On June 1, the Environmental Protection Agency will deliver its plan to curb carbon dioxide emissions from existing power plants, and environmentalists and electricity providers are counting the days. The agency has already drafted regulations for limiting CO2 emissions by new power plants. If adopted, they will limit CO2 to 1,000 pounds per megawatt-hour of electricity generated.
This regulatory approach misses the mark, because it doesn’t put the U.S. on a viable path to meet President Barack Obama’s long-term goal of reducing carbon emissions 83 percent by 2050. Any mandate for existing power plants to lower emissions will require costly retrofits, even though most of these facilities will be retired over the next 20 years, and the proposed CO2 limits would ensure that coal-fired power plants could no longer be operated as they are today. Nevertheless, if, in 2050, fossil-fuel power plants still produce most of the electricity in the U.S. (which seems likely, given the abundance of shale gas), these changes would still leave the U.S. far short of the Obama administration’s emissions goal.

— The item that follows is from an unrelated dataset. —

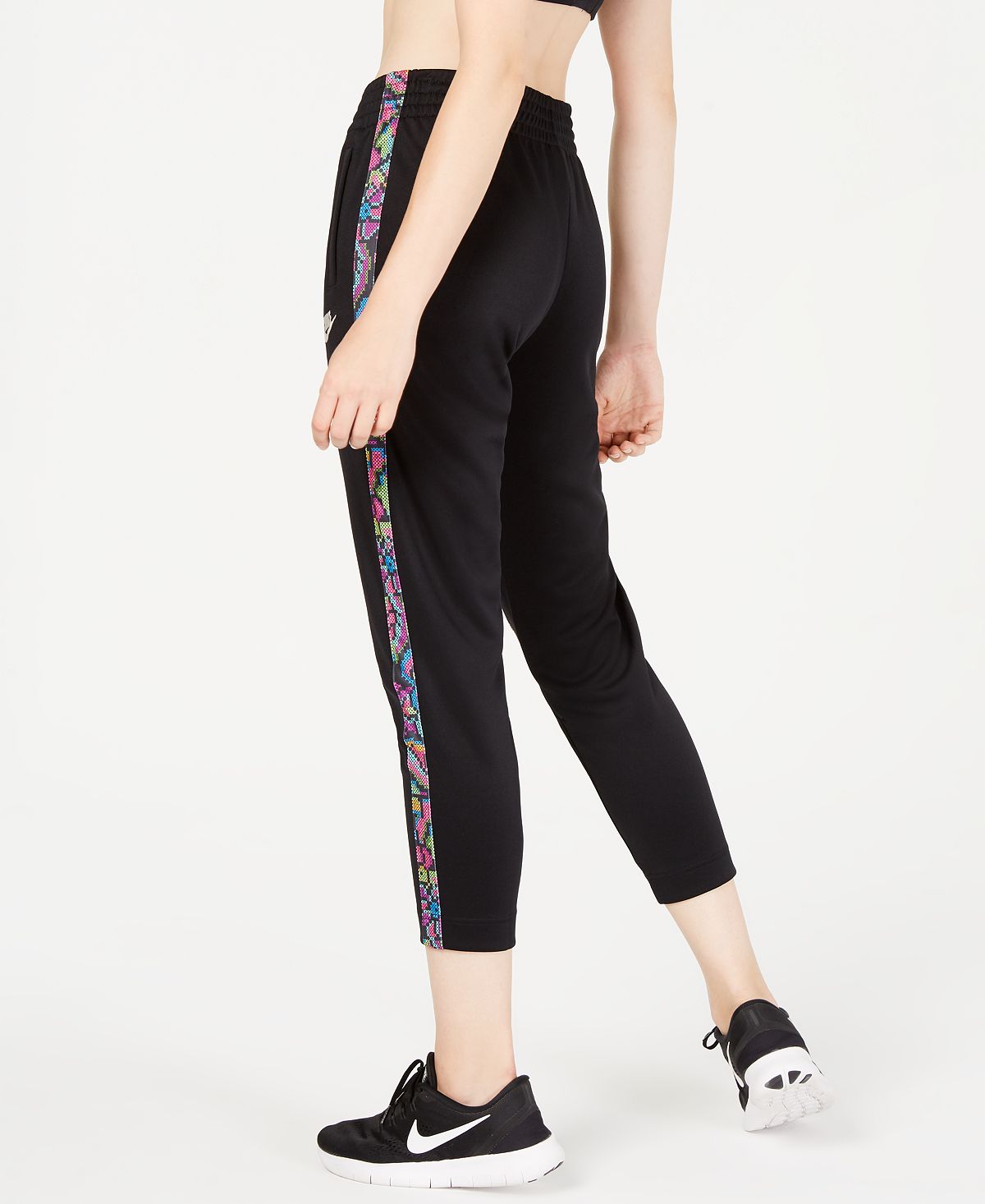 A brilliant tapestry brings stylish color to these Sportswear pants. Pin tucks at the front polish the high-rise silhouette.| High rise; approx. inseam; 27| INSPIRED FOR; Athleisure| Elastic waistband with adjustable fit; on-seam pockets at sides; pin tucks at front; printed panels at sides| Polyester| Machine washable

We suggest an alternative approach that would give electricity producers more time — about 10 years — to develop less expensive technologies to reduce emissions, but then set much more stringent carbon limits. Specifically, we advocate an EPA-imposed ceiling of 175 pounds of CO2 per megawatt-hour by the end of 2027, applicable to facilities that come online after 2017. To meet the standard, future natural-gas power plants would need to emit 80 percent less CO2 than today’s models do, while coal-fired plants would need emit 90 percent less.
To comply with this standard, fossil-fuel-based power plants would have to be built to capture carbon dioxide before it reaches the atmosphere and store it permanently in underground geological structures. The technology to do this has been demonstrated but not deployed at commercial scale, in part because it remains expensive. Lacking either a direct mandate or any financial incentive, power producers have understandably not wanted to spend money on these first-of-a-kind facilities.

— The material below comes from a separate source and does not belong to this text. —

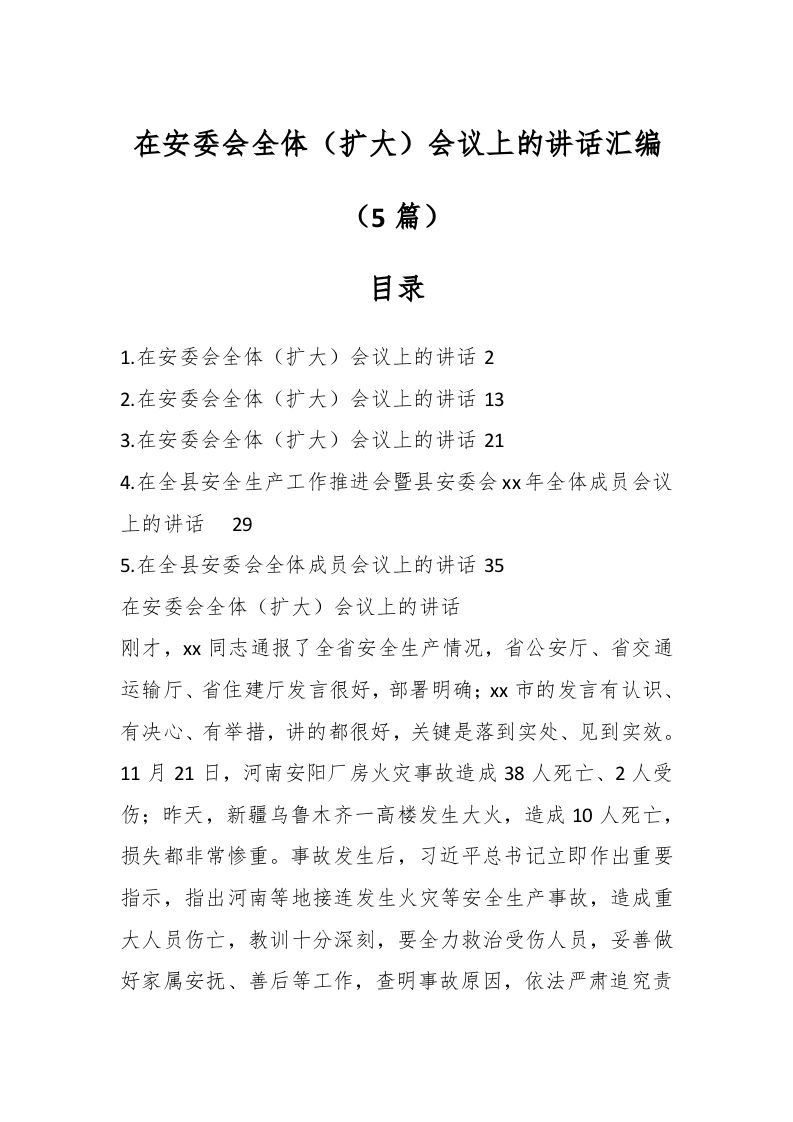 / (5篇)在安委会全体(扩大)会议上的讲话汇编

In the years ahead, however, as the industry accumulates experience with the technology, the cost of installing and operating carbon capture units is poised to come down significantly, engineering studies have shown. Thanks to this future cost savings, by 2027, the stringent emissions limits we propose would add a mere 1.2 cents to the full cost of generating one kilowatt hour of electricity.

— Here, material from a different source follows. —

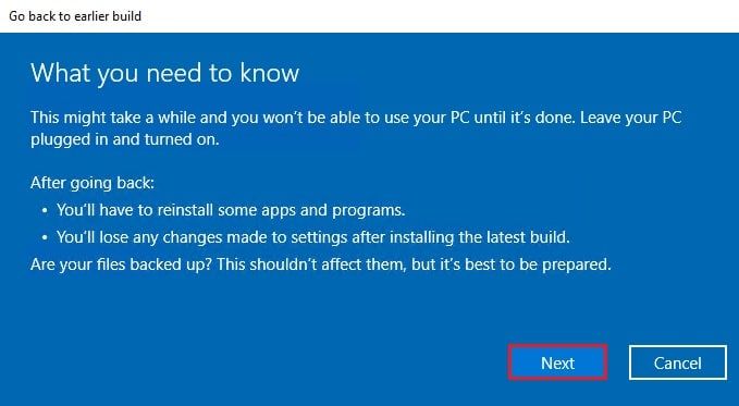 Обратите внимание, что откат к предыдущей сборке приведет к отмене любых изменений, внесенных в компьютер, включая настройки, персонализацию, установку или удаление приложений и т.д. в течение этого периода.

Our plan works on the assumption that all new natural-gas power plants that come into use in the intervening years would have carbon-capture capabilities. To give electricity producers the incentive to make this happen, we propose a targeted package of investment and production tax credits.
The tax credits we propose would be substantially smaller than the ones presently available for solar, wind and other renewable-energy technologies. And they would diminish over time, as the price of carbon capture falls, and expire entirely in 2027. The total cost in lost taxes would be about $6.6 billion over 10 years — comfortably in the ballpark of various clean-energy tax breaks under consideration in Congress. The benefit to U.S. taxpayers would be carbon-capture technology affordable enough to keep electricity price increases below 1.2 cents per kilowatt hour in the years leading up to 2027.
The economic and environmental advantages of our proposal would become even greater if China, India and other countries that also rely heavily on fossil fuels for power were to follow suit. The learning we anticipate in our calculations would be accelerated, too. In addition, U.S. companies could have important first-mover advantages and profit from the export of carbon-capture equipment and technological expertise.
To get the needed research and development moving, the EPA should first set a stringent prospective emissions standard for 2027. Targeted tax incentives could then be enacted by Congress, and the U.S. power sector would be on course to reduce carbon emissions by 83 percent, in a way that everyone can afford.
Stephen Comello is a research associate at the Stanford University Graduate School of Business and the Steyer-Taylor Center for Energy Policy and Finance. Stefan Reichelstein is a professor of accounting at the Stanford University School of Business and faculty research director at the Steyer-Taylor Center for Energy Policy and Finance.